# Replacing Sump Gasket on B&S Twin cylinder



## northcountry (Sep 9, 2005)

My B&S Twin (vertical shaft, splash lubricated) recently developed an oil leak that grew worse after I tried the time-honored method of tightening the bolts in hopes of sealing the gasket between the oil sump and the engine block. 
I'm 99% sure it's the gasket between the two that's gone bad. 
After looking at the B&S repair manual, I note that there is no process for just changing the gasket, but only to disassemble the engine for the purpose of repair or replacement of the governeor, crankshaft, etc. 
It appears from looking at this that you can't just pull the engine block off the oil sump by removing the bolts that connect the two and what's worse, the replacement gasket set includes different thicknesses because there is a clearance tolerance with the crankshaft end. 

Is this job more complicated than just pulling the block off, replacing the gasket and reassembling it? All this is connected to an MTD Yard Mahine, about 6 yrs old, so I'm not inclined to do much more for it at this point.
Any advice much appreciated.


----------



## bugman (Aug 12, 2004)

if your worried, have a shop do it, they would check the specs out....the different thickness'es make up for slack.... if you do it yourself, most likely it won't be outta spec and you can just install the regular one and be off with it, though the engine has to come out...pulley stack taken off ( there's a bolt in that hole ) and the sump removed. and the old gasket completely removed.


----------



## northcountry (Sep 9, 2005)

I got the pulley stack and all the wires, linkages etc. off already - all that remains is to separate the block from the sump - which in my attempt to avoid unnecessary work I have attempted to do while leaving the sump mounted to the tractor frame.
The block of course is stuck to the sump pretty good - I just didn't want to go trying to crack it if the crankshaft wasn't going to pull out through the bottom of the sump itself. I also wasn't sure if the crankshaft gaskets at the sump would also need to be replaced - B&S calls for a special tool to replace them.

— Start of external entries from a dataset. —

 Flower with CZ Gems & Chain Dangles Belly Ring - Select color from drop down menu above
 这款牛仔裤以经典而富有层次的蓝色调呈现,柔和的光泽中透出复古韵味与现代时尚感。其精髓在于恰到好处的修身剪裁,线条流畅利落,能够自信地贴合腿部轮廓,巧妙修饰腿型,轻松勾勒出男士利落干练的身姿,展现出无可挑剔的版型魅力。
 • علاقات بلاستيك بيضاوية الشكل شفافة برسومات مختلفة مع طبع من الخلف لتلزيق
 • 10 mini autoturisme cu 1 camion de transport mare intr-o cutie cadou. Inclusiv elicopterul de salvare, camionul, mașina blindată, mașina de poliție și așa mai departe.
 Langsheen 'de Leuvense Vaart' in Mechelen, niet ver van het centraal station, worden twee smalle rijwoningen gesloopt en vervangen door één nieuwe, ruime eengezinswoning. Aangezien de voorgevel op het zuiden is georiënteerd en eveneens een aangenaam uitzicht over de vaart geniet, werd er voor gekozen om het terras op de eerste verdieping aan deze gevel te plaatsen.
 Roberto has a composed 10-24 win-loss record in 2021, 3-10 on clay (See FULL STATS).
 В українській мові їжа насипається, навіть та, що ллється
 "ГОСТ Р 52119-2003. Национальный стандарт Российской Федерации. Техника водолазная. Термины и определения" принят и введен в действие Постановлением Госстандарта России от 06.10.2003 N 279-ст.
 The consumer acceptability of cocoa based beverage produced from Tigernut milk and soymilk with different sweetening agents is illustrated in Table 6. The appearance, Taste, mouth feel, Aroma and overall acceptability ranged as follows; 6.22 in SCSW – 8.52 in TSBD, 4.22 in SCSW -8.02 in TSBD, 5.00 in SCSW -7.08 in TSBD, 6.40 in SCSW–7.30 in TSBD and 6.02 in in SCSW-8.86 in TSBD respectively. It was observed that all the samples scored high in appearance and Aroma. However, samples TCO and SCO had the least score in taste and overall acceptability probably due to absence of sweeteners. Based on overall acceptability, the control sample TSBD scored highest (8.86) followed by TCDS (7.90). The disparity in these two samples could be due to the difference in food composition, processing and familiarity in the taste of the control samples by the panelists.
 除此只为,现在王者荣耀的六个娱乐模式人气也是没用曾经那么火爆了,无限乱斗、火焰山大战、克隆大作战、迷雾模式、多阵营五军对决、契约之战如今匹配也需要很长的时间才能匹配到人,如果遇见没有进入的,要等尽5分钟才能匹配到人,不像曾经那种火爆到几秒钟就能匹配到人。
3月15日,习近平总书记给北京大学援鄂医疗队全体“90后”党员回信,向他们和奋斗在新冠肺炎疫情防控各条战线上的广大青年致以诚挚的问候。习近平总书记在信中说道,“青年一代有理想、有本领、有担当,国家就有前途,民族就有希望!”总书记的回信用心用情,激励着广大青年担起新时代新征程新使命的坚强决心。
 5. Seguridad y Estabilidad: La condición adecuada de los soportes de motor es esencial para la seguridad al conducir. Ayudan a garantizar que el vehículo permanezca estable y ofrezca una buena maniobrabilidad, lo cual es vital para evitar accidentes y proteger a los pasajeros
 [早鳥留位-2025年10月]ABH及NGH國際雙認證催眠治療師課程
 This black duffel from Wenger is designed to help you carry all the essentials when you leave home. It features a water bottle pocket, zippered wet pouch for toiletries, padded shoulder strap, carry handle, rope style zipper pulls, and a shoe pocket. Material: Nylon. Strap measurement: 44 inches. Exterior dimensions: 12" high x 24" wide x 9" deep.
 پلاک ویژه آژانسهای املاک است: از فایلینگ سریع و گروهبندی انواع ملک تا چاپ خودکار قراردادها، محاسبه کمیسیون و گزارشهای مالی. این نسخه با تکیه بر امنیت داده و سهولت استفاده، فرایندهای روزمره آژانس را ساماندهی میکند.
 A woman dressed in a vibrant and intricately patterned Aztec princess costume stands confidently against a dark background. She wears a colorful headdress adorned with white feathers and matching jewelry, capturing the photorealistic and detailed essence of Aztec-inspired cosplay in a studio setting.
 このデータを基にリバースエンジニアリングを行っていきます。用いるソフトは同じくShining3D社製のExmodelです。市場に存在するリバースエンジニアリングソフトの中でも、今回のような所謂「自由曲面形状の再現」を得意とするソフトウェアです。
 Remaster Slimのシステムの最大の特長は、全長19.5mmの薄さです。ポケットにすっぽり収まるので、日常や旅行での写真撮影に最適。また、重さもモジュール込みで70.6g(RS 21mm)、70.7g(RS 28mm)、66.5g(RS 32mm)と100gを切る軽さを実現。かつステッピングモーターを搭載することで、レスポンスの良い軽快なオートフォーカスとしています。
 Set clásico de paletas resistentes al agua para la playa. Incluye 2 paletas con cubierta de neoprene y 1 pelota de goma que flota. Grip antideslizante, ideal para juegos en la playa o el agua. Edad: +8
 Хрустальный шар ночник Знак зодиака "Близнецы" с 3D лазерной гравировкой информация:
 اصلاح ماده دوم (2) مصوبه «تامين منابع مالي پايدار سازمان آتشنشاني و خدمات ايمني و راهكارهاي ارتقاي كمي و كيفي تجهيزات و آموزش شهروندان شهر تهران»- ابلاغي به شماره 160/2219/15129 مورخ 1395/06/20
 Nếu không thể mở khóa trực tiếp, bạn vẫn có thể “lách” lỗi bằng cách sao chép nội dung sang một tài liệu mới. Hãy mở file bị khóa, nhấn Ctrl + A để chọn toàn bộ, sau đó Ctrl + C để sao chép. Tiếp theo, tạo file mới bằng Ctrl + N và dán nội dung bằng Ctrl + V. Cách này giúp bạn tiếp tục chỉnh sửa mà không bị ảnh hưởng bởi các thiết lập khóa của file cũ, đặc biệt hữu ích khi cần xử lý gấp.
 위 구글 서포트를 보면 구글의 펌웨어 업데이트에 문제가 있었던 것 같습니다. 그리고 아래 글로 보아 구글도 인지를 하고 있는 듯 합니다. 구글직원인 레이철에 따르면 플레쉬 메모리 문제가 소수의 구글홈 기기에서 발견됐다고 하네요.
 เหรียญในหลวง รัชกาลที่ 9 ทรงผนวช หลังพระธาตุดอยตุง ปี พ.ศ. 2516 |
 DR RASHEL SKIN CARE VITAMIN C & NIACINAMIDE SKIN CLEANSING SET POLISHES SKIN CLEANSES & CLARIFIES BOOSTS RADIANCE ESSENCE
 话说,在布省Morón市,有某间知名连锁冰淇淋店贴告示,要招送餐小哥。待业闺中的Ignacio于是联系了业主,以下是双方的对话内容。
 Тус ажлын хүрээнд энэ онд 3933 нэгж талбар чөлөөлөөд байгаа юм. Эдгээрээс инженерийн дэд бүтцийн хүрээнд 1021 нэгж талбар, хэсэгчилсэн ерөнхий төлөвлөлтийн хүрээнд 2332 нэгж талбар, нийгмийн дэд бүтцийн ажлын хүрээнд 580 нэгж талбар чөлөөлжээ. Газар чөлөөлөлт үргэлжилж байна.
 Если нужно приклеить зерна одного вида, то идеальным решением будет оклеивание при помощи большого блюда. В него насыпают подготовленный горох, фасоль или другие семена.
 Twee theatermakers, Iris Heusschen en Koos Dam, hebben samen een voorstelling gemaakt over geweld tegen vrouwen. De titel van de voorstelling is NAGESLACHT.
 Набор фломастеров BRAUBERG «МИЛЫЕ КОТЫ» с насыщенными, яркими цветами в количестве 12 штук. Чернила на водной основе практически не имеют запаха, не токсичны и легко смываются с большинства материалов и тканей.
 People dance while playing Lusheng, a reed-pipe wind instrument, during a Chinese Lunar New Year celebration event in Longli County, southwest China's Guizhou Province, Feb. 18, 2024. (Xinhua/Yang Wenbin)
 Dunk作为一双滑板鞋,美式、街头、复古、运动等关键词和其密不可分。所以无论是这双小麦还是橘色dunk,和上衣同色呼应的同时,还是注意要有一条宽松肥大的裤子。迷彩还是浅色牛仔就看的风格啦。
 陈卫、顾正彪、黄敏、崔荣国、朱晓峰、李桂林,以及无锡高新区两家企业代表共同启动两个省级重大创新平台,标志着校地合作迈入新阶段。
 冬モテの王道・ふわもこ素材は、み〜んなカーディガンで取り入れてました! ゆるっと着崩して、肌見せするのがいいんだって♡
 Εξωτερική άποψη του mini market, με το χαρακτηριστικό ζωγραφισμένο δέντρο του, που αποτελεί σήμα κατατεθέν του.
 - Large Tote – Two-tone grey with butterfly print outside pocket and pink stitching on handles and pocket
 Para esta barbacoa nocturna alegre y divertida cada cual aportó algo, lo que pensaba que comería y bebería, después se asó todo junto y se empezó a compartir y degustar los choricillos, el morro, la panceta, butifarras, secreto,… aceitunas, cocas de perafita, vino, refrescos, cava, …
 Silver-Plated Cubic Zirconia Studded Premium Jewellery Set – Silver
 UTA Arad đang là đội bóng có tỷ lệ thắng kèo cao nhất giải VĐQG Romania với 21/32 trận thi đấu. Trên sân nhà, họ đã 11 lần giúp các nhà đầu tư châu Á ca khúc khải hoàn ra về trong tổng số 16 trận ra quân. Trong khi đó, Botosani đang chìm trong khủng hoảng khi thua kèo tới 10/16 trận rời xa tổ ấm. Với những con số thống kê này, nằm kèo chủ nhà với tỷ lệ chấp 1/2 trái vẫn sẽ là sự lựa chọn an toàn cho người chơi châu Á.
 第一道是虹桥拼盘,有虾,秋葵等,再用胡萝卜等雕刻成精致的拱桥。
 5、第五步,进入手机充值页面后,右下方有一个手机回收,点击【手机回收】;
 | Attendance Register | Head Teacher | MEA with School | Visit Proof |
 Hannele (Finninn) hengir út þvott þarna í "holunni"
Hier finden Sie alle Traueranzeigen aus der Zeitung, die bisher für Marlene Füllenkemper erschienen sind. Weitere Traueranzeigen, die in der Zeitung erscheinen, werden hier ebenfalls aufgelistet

I guess it will take a bit of percussive maintenance and some elbow grease to separate the two.
If you know any tricks to make that task easier, please share.
I usually find this kind of stuff to be the hardest part of any repair...


----------



## scrench (Dec 8, 2004)

you will have to take the engine off , the crank shaft seal and pan gasket should both be replaced , there are more bolts under there you will have to take the engine off and turn it upsidedown , also look at the pan verry close make sure there are no cracks in it i have seen a few crack also be careful and line up the governor gear when you put the pan back on its simple you can do the work yourself


----------



## bugman (Aug 12, 2004)

yeah, the engine has to come out.....no other way around it


----------



## northcountry (Sep 9, 2005)

I'm going to finish pulling it out today - any tricks to cracking the seal between the sump and the engine?
I don't need to press the shaft out from the bottom?

My most specialized tools for separating engine parts are a rubber mallet and a pry bar


----------



## scrench (Dec 8, 2004)

take all the bolts out and tap on it it will come apart no need to pry or get rough with it , it will come apart , tap one side then the other ,the crank shaft ownt come out unless you take the rods , the cam , and the flywheel off , you will see when you get the pan off , dont forget to put the governor back in simple mistake have seen a few guys do ,,, good luck , oops you dont need luck you have hobby talk


----------



## northcountry (Sep 9, 2005)

OK, I've got the pan off - very easy once you get ALL the bolts off...

about that governor - is it as simple as lining up the gears? - I figure as long as the pan slides into place after I've finagled the gears to mesh(as near as i can tell) that it's a done deal.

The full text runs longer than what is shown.